First, the paper analyzes the reasons that the detect performance of the traditional speech endpoint detection algorithm to apply in the aerial background dropped, studies the aerial noise in the intensity and type of noise, and gives a word boundary detection algorithm for variable noise environment The simulation result indicates that this performance of the endpoint decetion algorithm surpasses the traditional algorithm obviously under every kinds of noise environment. Moreover, the paper studies the traditional feature extract algorithm of MFCC in the computational complexity, finds that its computation is very big, which affects system real time. For the problem the paper improves the algorithm, ascertain the algorithmic optimum parameter by many experiment. The improved algorithm reduces the computation to half, corresponding recognition rate only cuts down 1.5%, which disregardes the effect to applying need.
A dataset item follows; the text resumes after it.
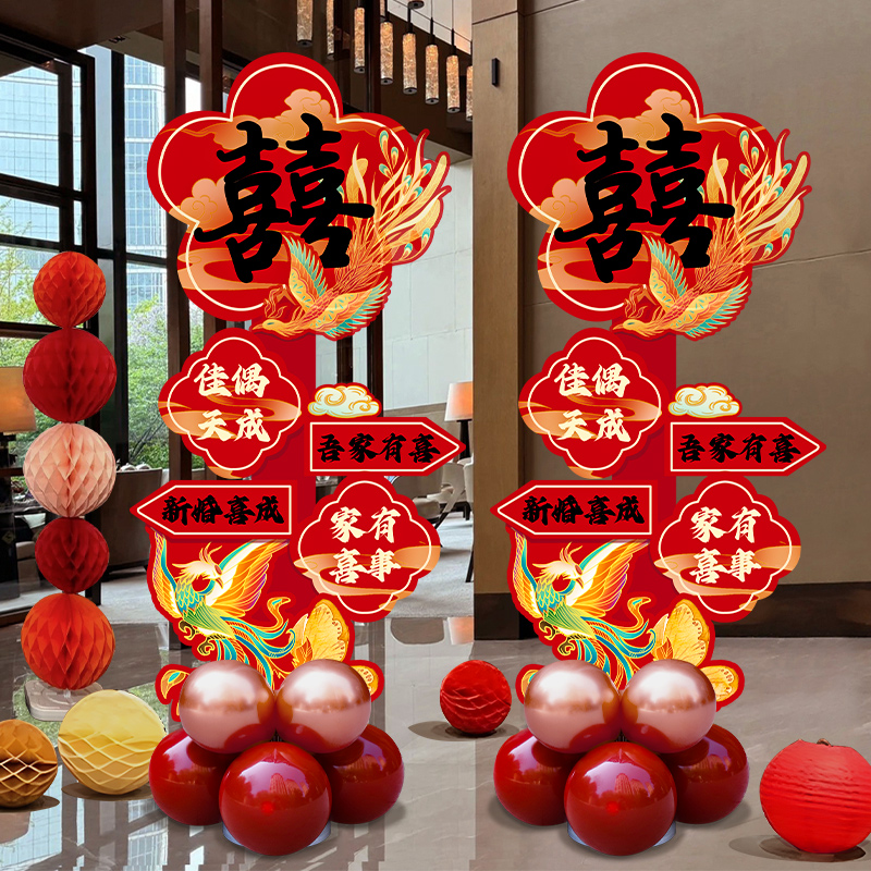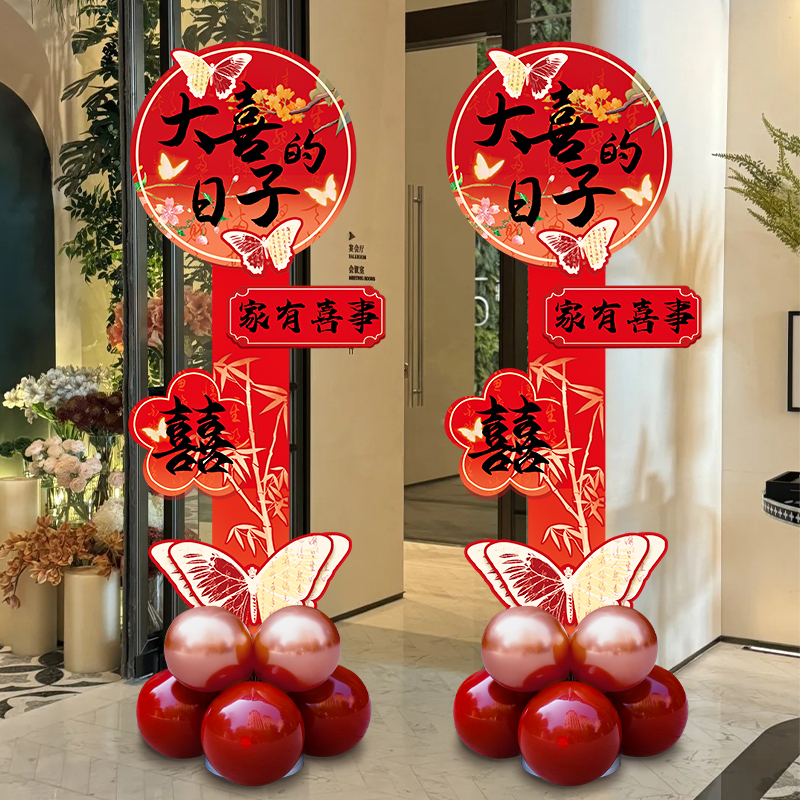 结婚立柱kt板路引气球装 农村庭院婚礼门口迎宾牌 饰婚房布置套装

The paper also introduces the hidden Markov model technology in speech recognition's application, studies the algorithmic basal principle and realization method of the acoustics model, language model and searching algorithm. For traditional Viterbi beam searching algorithm using fixed pruning threshold value's shortcoming, the paper uses the self-adjusting pruning threshold searching algorithm.
Finally, the paper constructs one small continuous speech command recognition system based on aerocraft with Visual C++, confirms the optimization parameter. This speech command recognition system's average recognition rate achieves 98.5%.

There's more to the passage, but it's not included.